The workflow of CIASO-SA is shown in Figure 4.

[IMAGE OMITTED. SEE PDF]

The steps of CIASO-SA are as follows:

$1$

Step

Set initial parameters, including the number of atoms, $α$ , $β$ , $m$ and the maximum number of iterations.

$2$

Step

Chaotically initialise the position and velocity of atoms. Calculate the fitness of each atom by the fitness function.

$3$

Step

Determine if the algorithm runs into the local optimal solution. When m does not change for n consecutive iterations, the positions of atoms are updated based on Gaussian mutation. The optimal fitness for all atoms is updated.

$4$

Step

Determine if the number of iterations is larger than the specified number k. If yes, produce a new solution for each atom perturbation and calculate the fitness of the new solution, ${fitness}_{new}$ .Otherwise, skip to Step 6.

$5$

Step

Determine if ${f i t n e s s}_{n e w} < f i t n e s s$ . If yes, assign a value to the position of each atom, where $x_{i} = x_{i}^{n e w}$ . Otherwise, calculate the acceptance probability, p, following Equation (18). If p > rand(0, 1), the new solution is accepted; otherwise, it is not.

$6$

Step

Determine if the algorithm reaches the maximum number of iterations. If yes, end the algorithm and output the position of the best fitness atom. Otherwise, update parameters $β$ and $λ$ by Equation (14) and the velocity and the positions of atoms by Equation (16). Then, return to Step 2, calculate the fitness of each atom, and start the next iteration.

Feature selection of CIASO-SA

The feature selection aims to remove redundant or irrelevant features in the dataset and improve learning speed. Feature selection is considered a discrete optimisation problem. Therefore, this paper converts continuous CIASO-SA to binary CIASO-SA and uses it to solve the feature selection problem.

IASO updates the position and the speed of atoms based on acceleration in the continuous real number field. For the binary domain problem of feature selection, since while selecting a feature subset, each feature belonging to the original feature vector has two possibilities: either to be included in that subset or discarded.

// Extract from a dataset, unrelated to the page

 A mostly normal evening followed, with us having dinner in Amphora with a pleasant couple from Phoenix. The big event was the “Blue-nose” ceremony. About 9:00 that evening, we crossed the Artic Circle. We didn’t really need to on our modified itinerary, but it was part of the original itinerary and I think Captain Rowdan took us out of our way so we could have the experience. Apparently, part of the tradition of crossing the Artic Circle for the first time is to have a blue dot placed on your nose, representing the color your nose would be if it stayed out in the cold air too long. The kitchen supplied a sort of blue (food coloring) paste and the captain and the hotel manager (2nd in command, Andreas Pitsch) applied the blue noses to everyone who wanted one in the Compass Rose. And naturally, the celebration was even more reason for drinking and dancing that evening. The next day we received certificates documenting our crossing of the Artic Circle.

At initialisation, the position of each atom is a vector of dimension N, where N is the original characteristic dimension. In discrete binary search space, the update of positions implies switching between 0 and 1. Hence, the update function for the position in Equation (16) needs to be adjusted, and we must use a transfer function to map velocity to a probability. According to Ref. [28], the domain of the transfer function must be in the range of 0–1, because we are going to get a probability. And with the increase of atomic speed, the probability value after mapping must be larger. That is, the transfer function is monotonically increasing. In this paper, we use the logistic function as shown in Equation (21). 21 $p_{i}^{d} (t) = \frac{1}{1 + e^{- v_{i}^{d} (t)}}$

By setting a probability threshold, we conduct binary coding to the probability to update the position of the atom, shown in Equations (22) and (23). 22 $B i n a r y_{c o d i n g}_{i}^{d} (t) = \{\begin{cases} 0, if p_{i}^{d} (t) \leq ϕ_{t h r e s h o l d} \\ 1, if p_{i}^{d} (t) > ϕ_{t h r e s h o l d} \end{cases}$ 23 $x_{i}^{d} (t + 1) = x_{i}^{d} (t) \oplus B i n a r y_{c o d i n g}_{i}^{d} (t)$ $\oplus$ represents bitwise XOR.

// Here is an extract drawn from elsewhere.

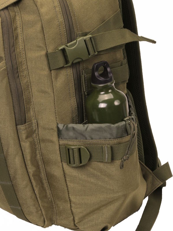 Боковой карман на молнии (18×14 см) с системой крепления МОЛЛЕ (3 ряда по 3 ячейки) для модульного размещения дополнительного снаряжения.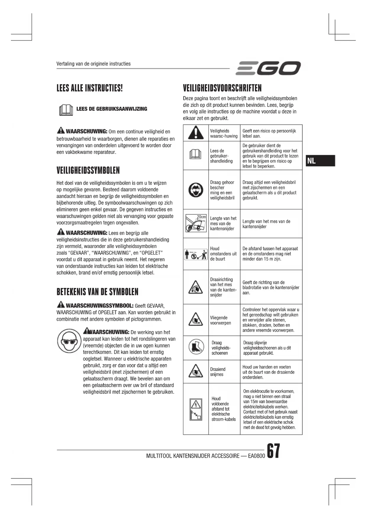 WAARSCHUWINGSSYMBOOL: Geeft GEVAAR, WAARSCHUWING of OPGELET aan. Kan worden gebruikt in combinatie met andere symbolen of pictogrammen. WAARSCHUWING: De werking van het apparaat kan leiden tot het rondslingeren van (vreemde) objecten die in uw ogen kunnen terechtkomen. Dit kan leiden tot ernstig oogletsel. Wanneer u elektrische apparaten gebruikt, zorg er dan voor dat u altijd een veiligheidsbril (met zijschermen) of een gelaatsscherm draagt. We bevelen aan om een gelaatsscherm over uw bril of standaard veiligheidsbril met zijschermen te gebruiken. VEILIGHEIDSVOORSCHRIFTEN Deze pagina toont en beschrijft alle veiligheidssymbolen die zich op dit product kunnen bevinden. Lees, begrijp en volg alle instructies op de machine voordat u deze in elkaar zet en gebruikt. Veiligheids waarsc-huwingGeeft een risico op persoonlijk letsel aan.Lees de gebruiker-shandleidingDe gebruiker dient de gebruikershandleiding voor het gebruik van dit product te lezen en te begrijpen om risico op letsel te beperken.Draag gehoor bescher ming en een veiligheidsbrilDraag altijd een veiligheidsbril met zijschermen en een gelaatscherm als u dit product gebruikt. 20cm Lengte van het mes van de kantensnijderLengte van het mes van de kantensnijder 15m Houd omstanders uit de buurtDe afstand tussen het apparaat en de omstanders mag niet minder dan 15 m zijn.Draairichting van het mes van de kanten-snijderGeeft de richting van de bladrotatie van de kantensnijder aan. Vliegende voorwerpenControleer het oppervlak waar u het gereedschap wilt gebruiken en verwijder alle stenen, stokken, draden, botten en andere vreemde voorwerpen.Draag veiligheids-schoenenDraag slipvrije veiligheidsschoenen als u dit apparaat gebruikt.Draaiend snijmesHoud uw handen en voeten uit de buurt van de draaiende onderdelen.Houd voldoende afstand tot elektrische stroom-kabelsOm elektrocutie te voorkomen, mag u niet binnen een straal van 15m van bovenaardse elektriciteitskabels werken. Contact met of het gebruik naast elektriciteitskabels kan ernstig letsel of een elektrische schok met de dood tot gevolg hebben. Vertaling van de originele instructiesMULTITOOL KANTENSNIJDER ACCESSOIRE — EA080068

In age classification, the accuracy of the test and the number of features selected can be used as the evaluation of the whole algorithm. An ideal subset of features should not only eliminate unrelated, weakly related, and redundant features, but also retain the most useful information. Therefore, we define the optimisation goal, or the fitness function, as the following, 24 $f i t n e s s = ω \times R_{error} + (1 - ω) \times R_{select}$ where $R_{error}$ represents the error rate in age classification. $R_{select}$ represents the ratio of the number of selected features and the total number of features. $ω$ represents the weight of the error rate, $ω \in [0,1]$ .

The optimal solution is defined as Equation (25). 25 $x_{best} = \underset{x}{\arg \min} (f i t n e s s)$

Figure 5 is the flowchart of the whole feature selection method of the wrapper based on CIASO-SA.

[IMAGE OMITTED. SEE PDF]

EXPERIMENTS AND EVALUATION

Experimental setup and parameter tuning

To make the algorithm proposed in this paper achieve the best performance and compare it with other methods fairly, this section adjusts the experimental settings and the parameters in the algorithm. Firstly, the effect of the population size and the maximum number of iterations was studied. Table 4 shows the experimental results under different population sizes and the maximum number of iterations.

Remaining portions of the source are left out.